Now that she has the keys to the kingdom, it’s up to her to carve out her own legacy as a coach apart from Bluder. What that looks like remains to be seen.

“I haven’t had time to sit down and look at your short-term goals and your long-term goals, which I will, and I don’t always share those publicly, just like sometimes we don’t always share what the team does because you can put it out there and when you come up short you get hammered,” Jensen said at her introductory press conference. “Sometimes that is within house. But I think when you’re chasing greatness, you want to be a champion.

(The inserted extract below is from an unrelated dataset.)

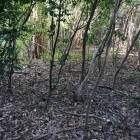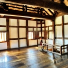 北陸街道に口を開く阿久和谷の入り口に二の城戸を設けて、数百mの谷幅全部を塞いでいます。一乗谷みたいです。杣山からの尾根に挟まれた少し開けた谷に居館跡があり、この手前に上記のガイダンス施設や駐車場が設けられています。居館跡の奥の害獣除けの柵を開けて、登城開始です。登場口はここと西の林道(中腹に駐車場あり)、東の花はす温泉脇からの三か所あり、山腹でも繋がっています。下から杣山を見上げると絶壁が見えます。教育委員会資料の地質図解説では、杣山はチャート層を頁岩層が挟んだ構造になっており、境界は断層。硬いチャート層が崖を作っていると。杣山城の前に登城したひうち城もチャートですね。山の上に池(殿池、写真10)があるようにけっこう高い位置から豊富に水が湧き出ており、頁岩を侵食して深い谷を作っています。居館跡からの道は残ったチャートの瘦せ尾根や崖を伝って行きます。姫穴、殿池を経て、西御殿跡の郭に至ります。既に結構、怖いですが、この後、もっと怖い場所に行きます。ちなみに、花はす温泉は、まわりに広い蓮池があり、各種の蓮が育てられている名所のようです。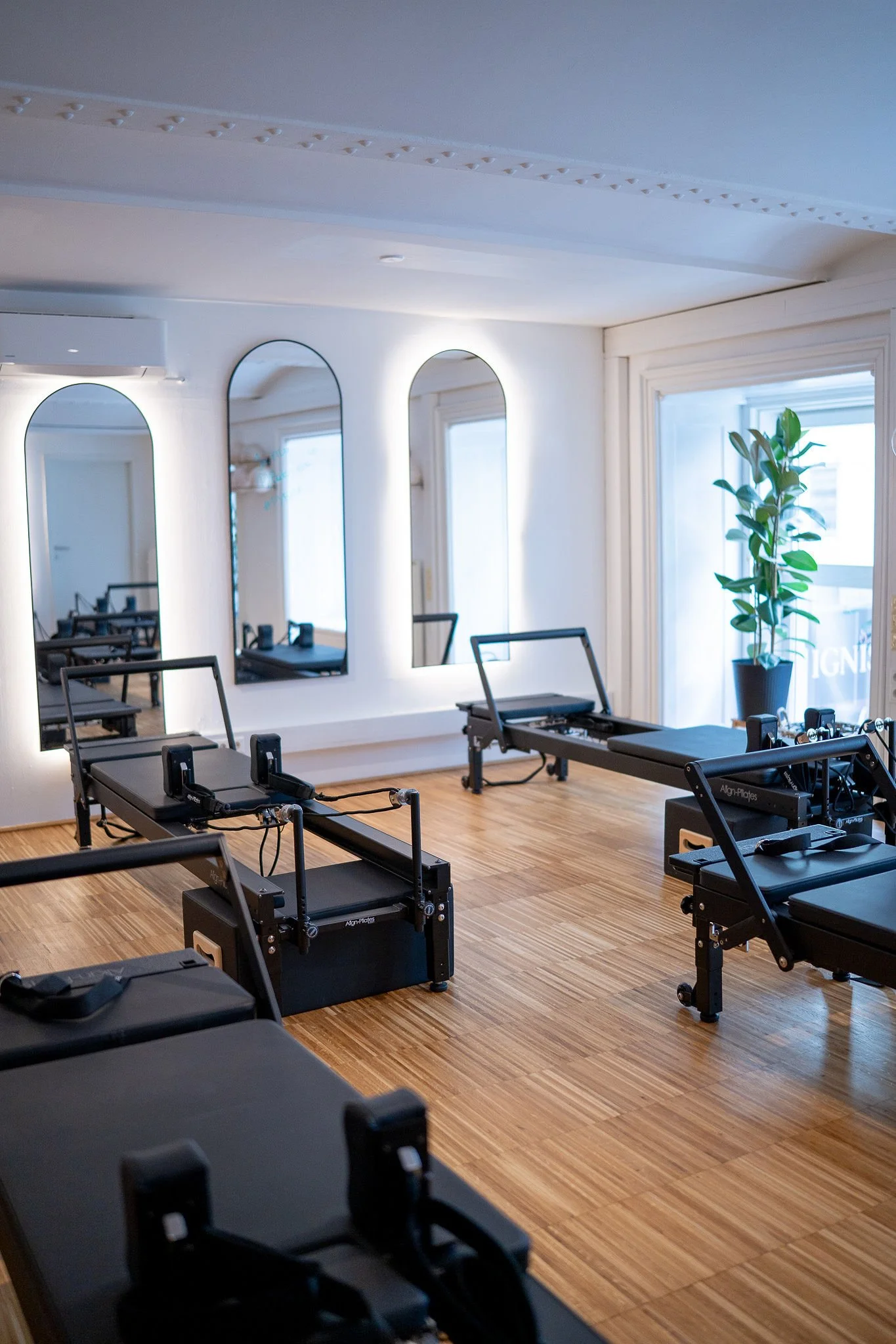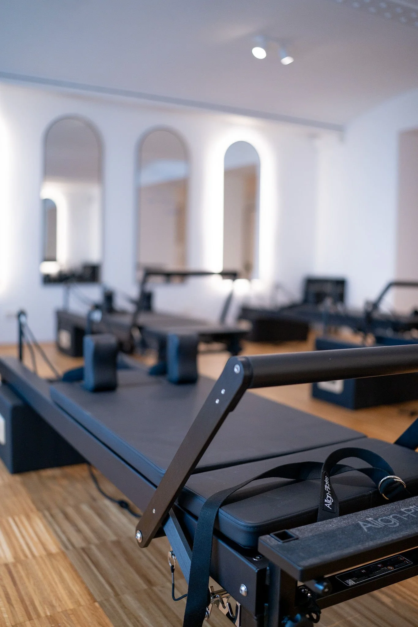 Individuelles Coaching: Bis 8 Teilnehmer:innen profitierst du von persönlicher Betreuung. Ab 9 Personen finden parallele Reformer- und Mattenklassen statt – immer auf höchstem PY Studio Niveau.

“I mean, I don’t think there’s been one season, I don’t care how much we’ve rebuilt, where we’ve gone in there and said, let’s just try to finish fifth this year. I’m not wired like that.”

Jensen wants to be the champion of the Big Ten Conference on a yearly basis. And she wouldn’t have taken the job if she didn’t believe in her abilities as a coach. She didn’t want to start the so-called coach speak this early into her tenure — but she thinks Iowa has some big-time players expected to be on the roster next season.

“I want to chase greatness,” she continued. “My expectations of the players are going to — they’ve been to back-to-back-to-back conference tournament championships. They’ve been to back-to-back national championship games. I’d like to think they’re coming in with a mentality, little chip on their shoulder, because most everybody else is going to say, hey, you lost all that.

“I’d say I’m not shying away to be great.”